What needs to be done -
Please give back exactly the line with "2020년 11월 13일(금)" and each line after it through the end of the material, leaving out the pictures.

-*-

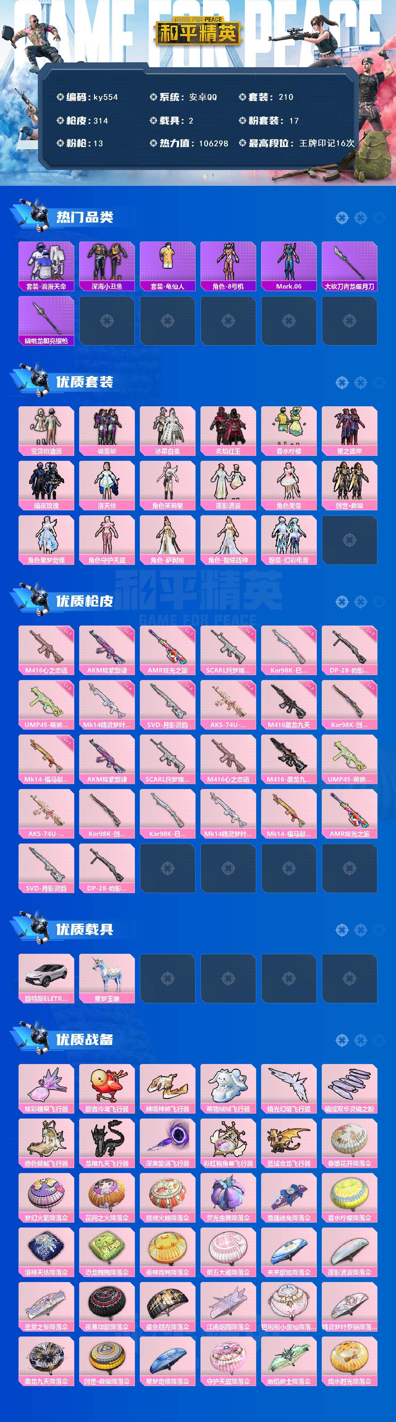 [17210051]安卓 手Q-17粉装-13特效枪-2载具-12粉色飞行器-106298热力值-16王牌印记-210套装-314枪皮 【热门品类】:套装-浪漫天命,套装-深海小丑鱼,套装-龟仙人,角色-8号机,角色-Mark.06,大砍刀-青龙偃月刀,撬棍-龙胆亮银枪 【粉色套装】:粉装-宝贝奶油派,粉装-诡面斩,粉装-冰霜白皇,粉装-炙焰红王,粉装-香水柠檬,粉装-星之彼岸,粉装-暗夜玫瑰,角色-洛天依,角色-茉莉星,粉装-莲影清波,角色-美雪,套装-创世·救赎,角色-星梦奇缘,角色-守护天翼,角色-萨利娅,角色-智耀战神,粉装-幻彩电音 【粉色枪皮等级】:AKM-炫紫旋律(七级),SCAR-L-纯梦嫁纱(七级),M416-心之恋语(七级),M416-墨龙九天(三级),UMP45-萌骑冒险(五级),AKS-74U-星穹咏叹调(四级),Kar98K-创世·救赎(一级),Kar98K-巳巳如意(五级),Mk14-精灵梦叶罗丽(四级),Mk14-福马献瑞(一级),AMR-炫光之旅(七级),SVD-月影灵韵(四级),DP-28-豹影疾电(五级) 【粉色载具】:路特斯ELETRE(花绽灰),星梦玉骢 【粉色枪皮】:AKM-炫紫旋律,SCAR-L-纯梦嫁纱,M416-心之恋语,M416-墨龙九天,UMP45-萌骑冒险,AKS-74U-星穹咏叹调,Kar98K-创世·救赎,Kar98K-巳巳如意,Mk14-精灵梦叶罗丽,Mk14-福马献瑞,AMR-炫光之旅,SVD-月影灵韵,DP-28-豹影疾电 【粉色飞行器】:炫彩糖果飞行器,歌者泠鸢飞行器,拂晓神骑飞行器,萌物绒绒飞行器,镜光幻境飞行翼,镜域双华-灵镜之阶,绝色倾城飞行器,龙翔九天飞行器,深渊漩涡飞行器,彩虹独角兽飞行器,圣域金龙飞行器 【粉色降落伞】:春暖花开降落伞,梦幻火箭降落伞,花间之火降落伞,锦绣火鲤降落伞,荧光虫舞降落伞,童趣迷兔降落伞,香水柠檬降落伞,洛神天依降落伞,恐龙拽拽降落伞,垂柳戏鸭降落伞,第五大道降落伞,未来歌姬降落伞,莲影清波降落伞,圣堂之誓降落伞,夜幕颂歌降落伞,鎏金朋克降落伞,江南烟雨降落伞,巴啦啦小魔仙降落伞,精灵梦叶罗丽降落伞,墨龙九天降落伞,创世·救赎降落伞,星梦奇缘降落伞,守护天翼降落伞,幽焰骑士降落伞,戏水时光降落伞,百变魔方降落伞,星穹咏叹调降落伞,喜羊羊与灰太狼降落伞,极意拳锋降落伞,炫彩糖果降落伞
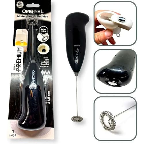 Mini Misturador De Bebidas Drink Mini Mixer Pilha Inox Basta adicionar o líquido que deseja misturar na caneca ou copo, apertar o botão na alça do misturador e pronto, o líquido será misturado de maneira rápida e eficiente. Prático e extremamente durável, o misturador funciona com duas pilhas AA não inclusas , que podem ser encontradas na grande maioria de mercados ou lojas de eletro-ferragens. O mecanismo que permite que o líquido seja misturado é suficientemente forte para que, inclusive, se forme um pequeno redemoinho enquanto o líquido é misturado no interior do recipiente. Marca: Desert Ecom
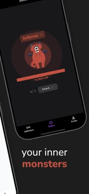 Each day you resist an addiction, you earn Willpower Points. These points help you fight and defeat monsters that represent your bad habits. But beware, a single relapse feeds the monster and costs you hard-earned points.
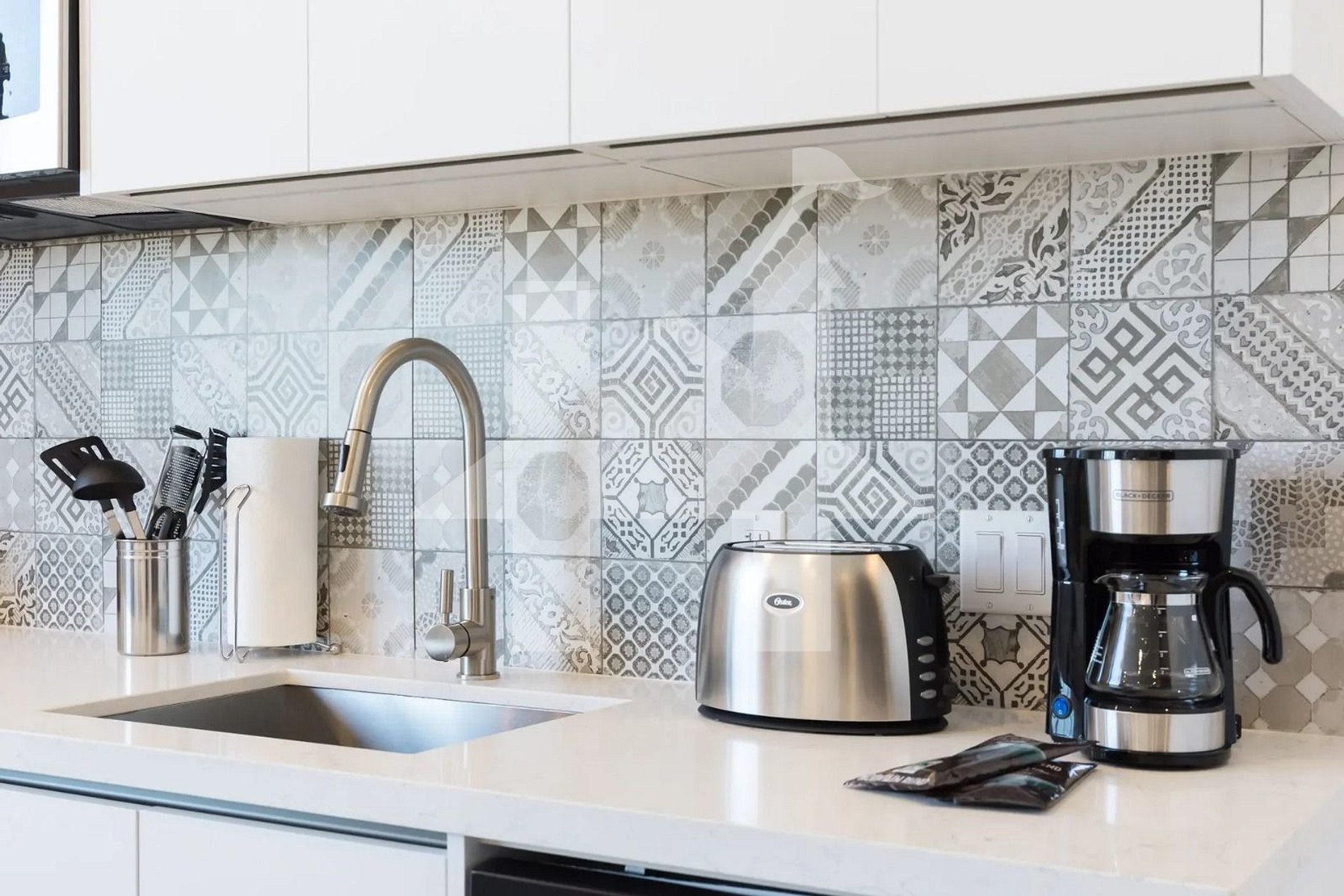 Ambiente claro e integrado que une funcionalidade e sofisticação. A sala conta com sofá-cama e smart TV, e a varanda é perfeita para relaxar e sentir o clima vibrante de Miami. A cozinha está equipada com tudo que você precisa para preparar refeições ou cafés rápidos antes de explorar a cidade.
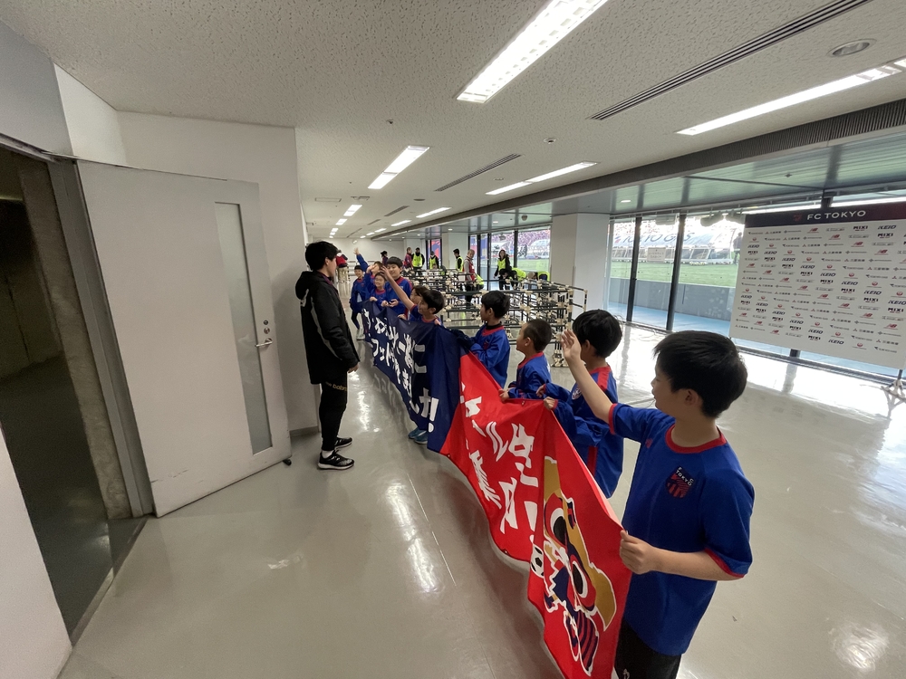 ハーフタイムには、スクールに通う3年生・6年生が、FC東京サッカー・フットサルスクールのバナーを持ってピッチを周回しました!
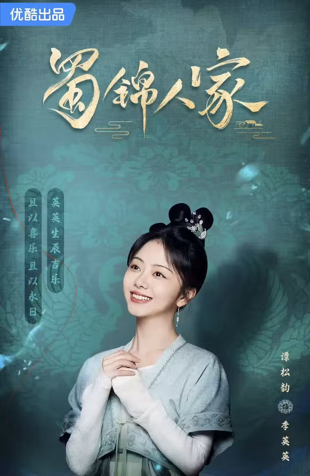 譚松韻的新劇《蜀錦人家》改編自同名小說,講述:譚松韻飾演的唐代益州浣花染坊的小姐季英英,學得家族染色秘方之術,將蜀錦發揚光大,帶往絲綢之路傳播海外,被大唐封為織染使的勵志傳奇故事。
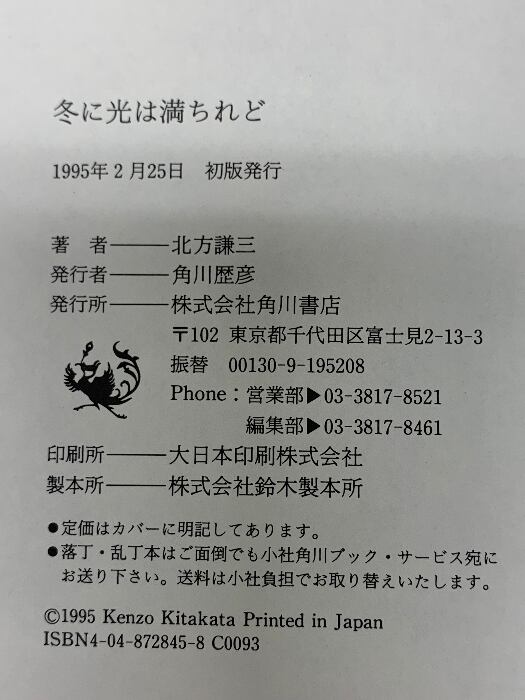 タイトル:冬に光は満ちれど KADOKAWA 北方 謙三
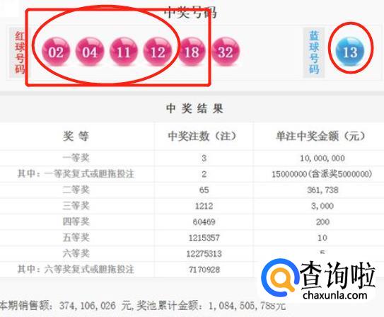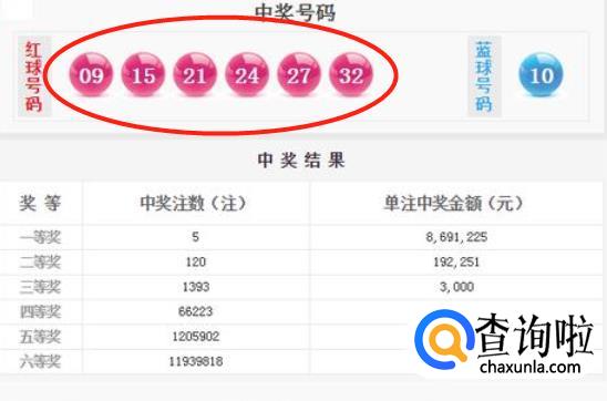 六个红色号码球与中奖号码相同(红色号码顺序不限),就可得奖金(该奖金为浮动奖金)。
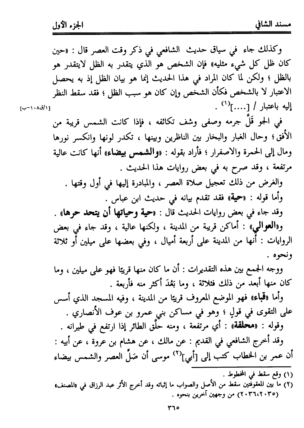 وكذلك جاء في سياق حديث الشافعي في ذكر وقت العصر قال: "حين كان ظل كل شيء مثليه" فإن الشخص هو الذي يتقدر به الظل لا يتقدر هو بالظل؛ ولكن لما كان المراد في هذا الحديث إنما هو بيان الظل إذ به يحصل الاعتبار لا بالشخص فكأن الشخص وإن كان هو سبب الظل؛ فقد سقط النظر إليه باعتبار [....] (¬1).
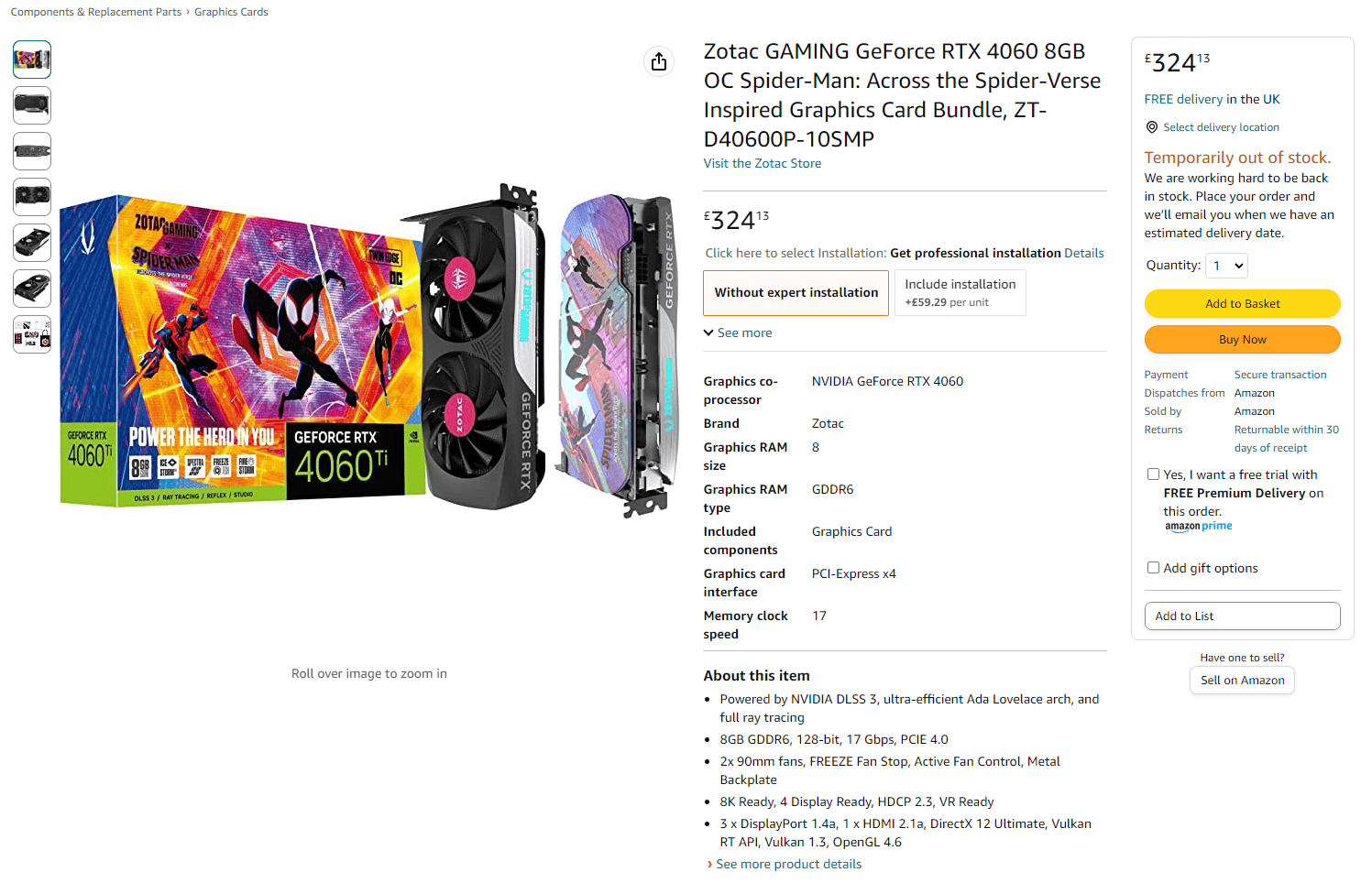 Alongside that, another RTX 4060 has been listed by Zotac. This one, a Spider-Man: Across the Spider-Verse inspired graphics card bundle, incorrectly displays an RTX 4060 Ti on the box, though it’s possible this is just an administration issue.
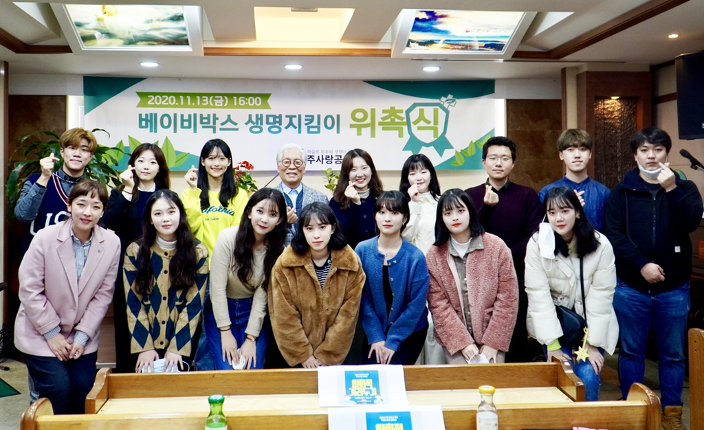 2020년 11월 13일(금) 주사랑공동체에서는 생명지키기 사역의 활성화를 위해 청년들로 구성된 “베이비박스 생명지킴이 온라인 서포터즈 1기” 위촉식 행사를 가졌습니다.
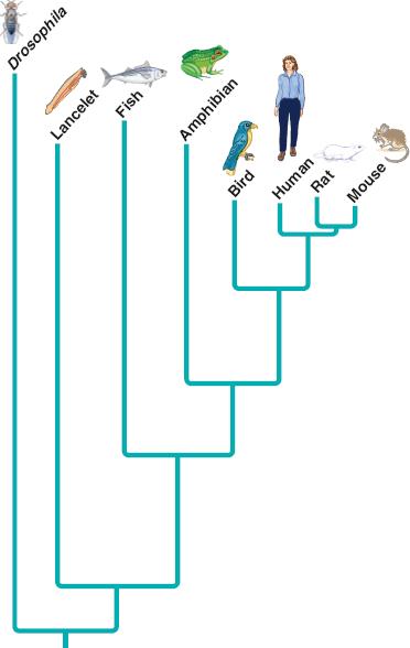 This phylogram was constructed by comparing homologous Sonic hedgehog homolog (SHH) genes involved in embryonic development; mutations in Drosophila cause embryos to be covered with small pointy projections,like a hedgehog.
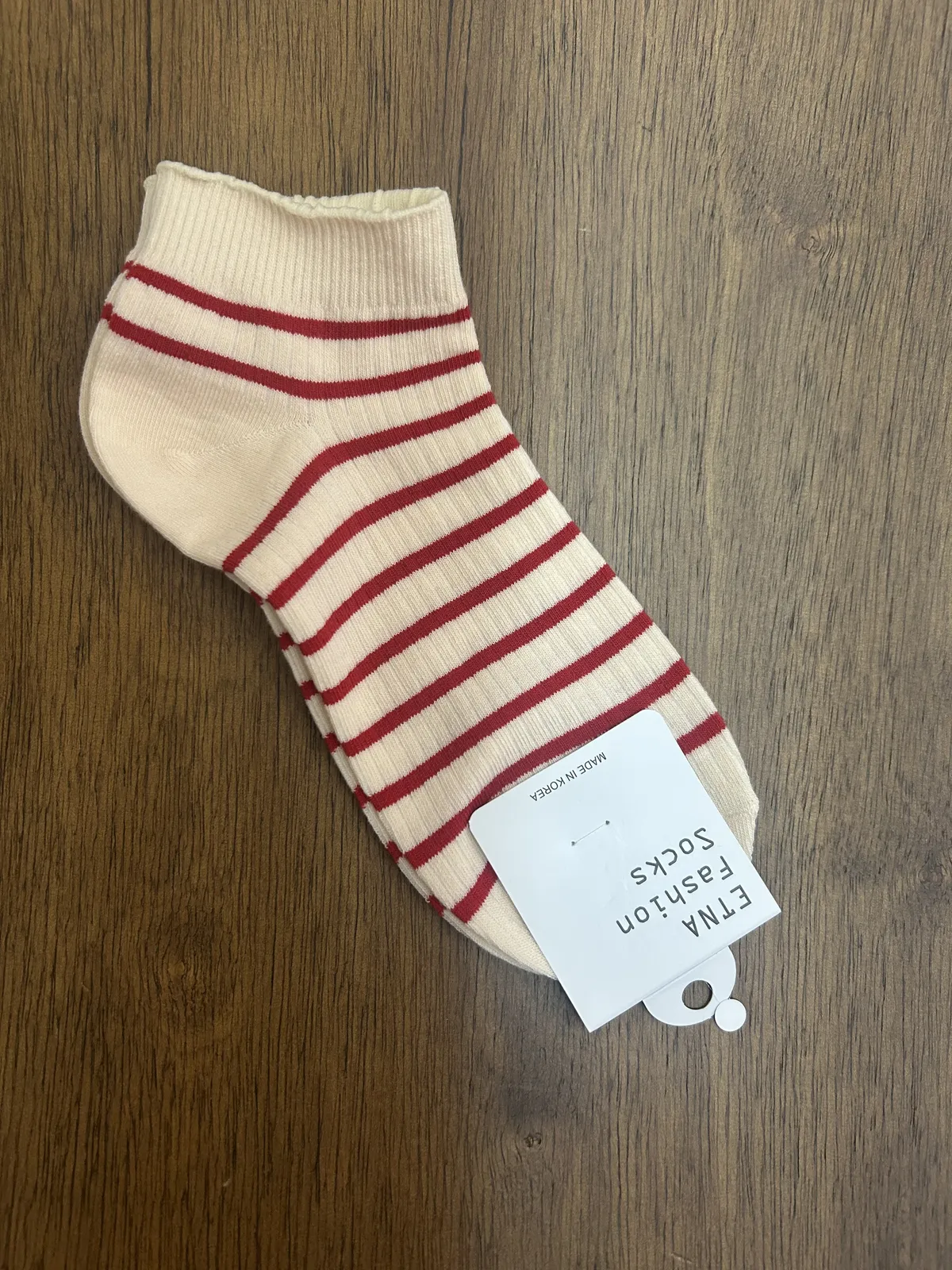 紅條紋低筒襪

-*-

Finished exercise -
 2020년 11월 13일(금) 주사랑공동체에서는 생명지키기 사역의 활성화를 위해 청년들로 구성된 “베이비박스 생명지킴이 온라인 서포터즈 1기” 위촉식 행사를 가졌습니다.
 This phylogram was constructed by comparing homologous Sonic hedgehog homolog (SHH) genes involved in embryonic development; mutations in Drosophila cause embryos to be covered with small pointy projections,like a hedgehog.
 紅條紋低筒襪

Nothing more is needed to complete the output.